— А я думала, что ты чтишь его так, что трава не расти — надо соблюдать, — изумилась я. — разве правила и законы монастыря для тебя не первостепенны?

— Для меня — да, — Лео всё-таки взял добавку и завертел её в ладонях. Они ещё были теплыми, мои пироги. — Но соблюдение устава — личное дело каждого.

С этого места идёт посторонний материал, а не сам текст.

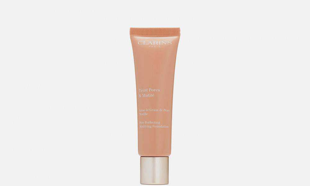 Длительный матирующий эффект и идеально выровненный тон кожи – именно так позиционируют разработчики свой тональный крем Clarins Teint Pores & Matte. За счет активных компонентов акации и красной глины этот крем способен скрыть многие недочеты кожи и придать ей красивый тон.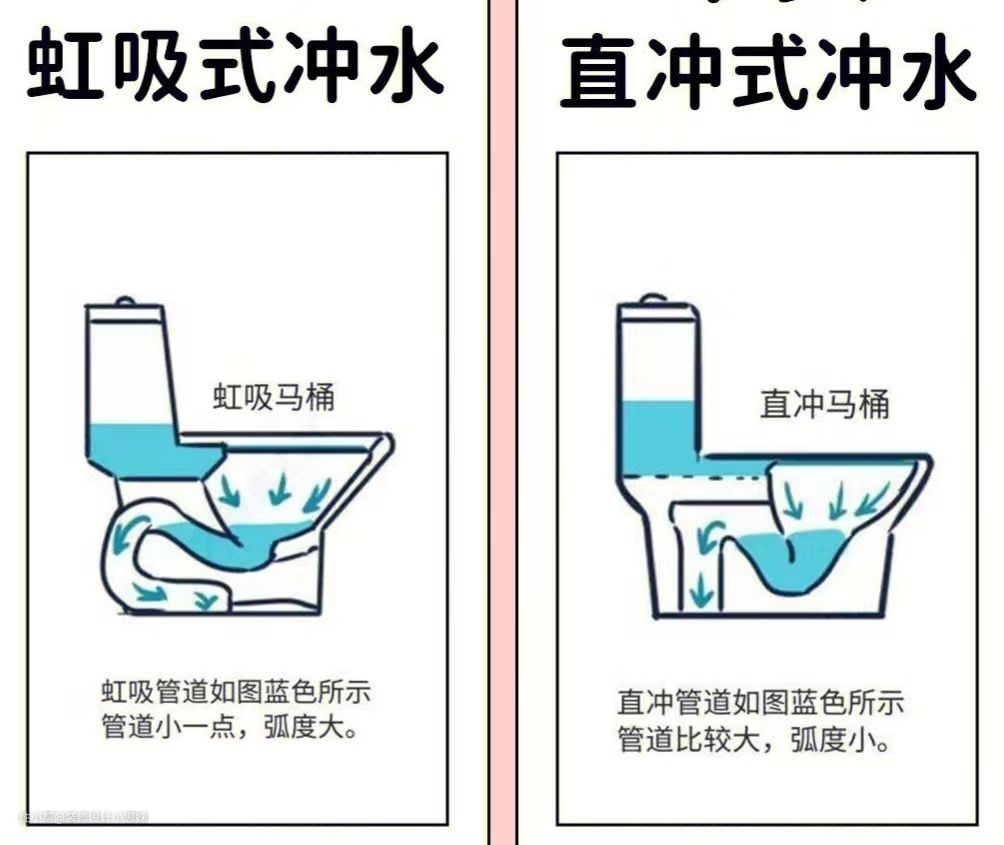 虹吸式马桶管道结构呈 S 型,利用充满水之后的压力差产生吸力把污物吸走,可以轻松冲掉黏在马桶内壁的污渍,存水面积大,防臭效果好,冲水声音小

— А Хенсок чесал мне о сакраментальности и осквернении монастыря нарушениями… он тот ещё лицедей, да? — парень нахмурился. — Прости, я знаю, что ты его любишь. Я не в обидном смысле. Он добрый, но иногда врет, да? — "иногда" я сказала, чтобы пощадить чувствительность Лео. Выражаясь языком моего окружения, такого, как Рэпмон, Дженисси, Гон, наш старейшина не временами приукрашивал, а беспробудно пиздел. Они это говорили не применительно о нем, но я не знала на данный момент никого, к кому бы это подошло больше. Милейший дедушка. — Ладно, если ты обещаешь, что никому не скажешь, то я спокойна. Ты вроде не пошел по стопам Хенсока и достаточно надежный в плане информации товарищ. Ты умеешь обманывать? — это был трудный вопрос. Он ел и молчал, молчал и ел. Помочь ему с формулировкой? — Если ты просто никому не говоришь и скрываешь что-то — это не ложь, это укрывательство. Дозирование правды. А врать тебе приходилось? Вот взять и в глаза сказать что-то несуществующее? — Лео пожал плечами. Иногда мне хотелось повесить на них тяжелое коромысло, чтоб они не имели возможности подниматься и опускаться, и тогда ему пришлось бы рефлектировать иначе. Словами, например. — По-твоему, ложь — грех? — Пожал плечами. Я сейчас закиплю или взорвусь! Лео не вызывал никаких гневных эмоций или недовольств, но его поведение… так хотелось с ним что-нибудь сделать! Подрихтовать, отшлифовать, отредактировать. — Ты не можешь даже определиться, что грех, а что нет? По каким принципам ты вообще живешь? — сгорбившись почти на корточках, вгрызаясь зубами в тесто, он перестал на меня реагировать. Устал от меня, ясно. Или очень сильно загрузился. Я встала и опустила поднос с остальным рядом с ним. — Ладно, спокойной ночи. Не буду тебя больше тревожить своими досужими вопросами. И… не думала, что скажу это, но… спасибо за молчание.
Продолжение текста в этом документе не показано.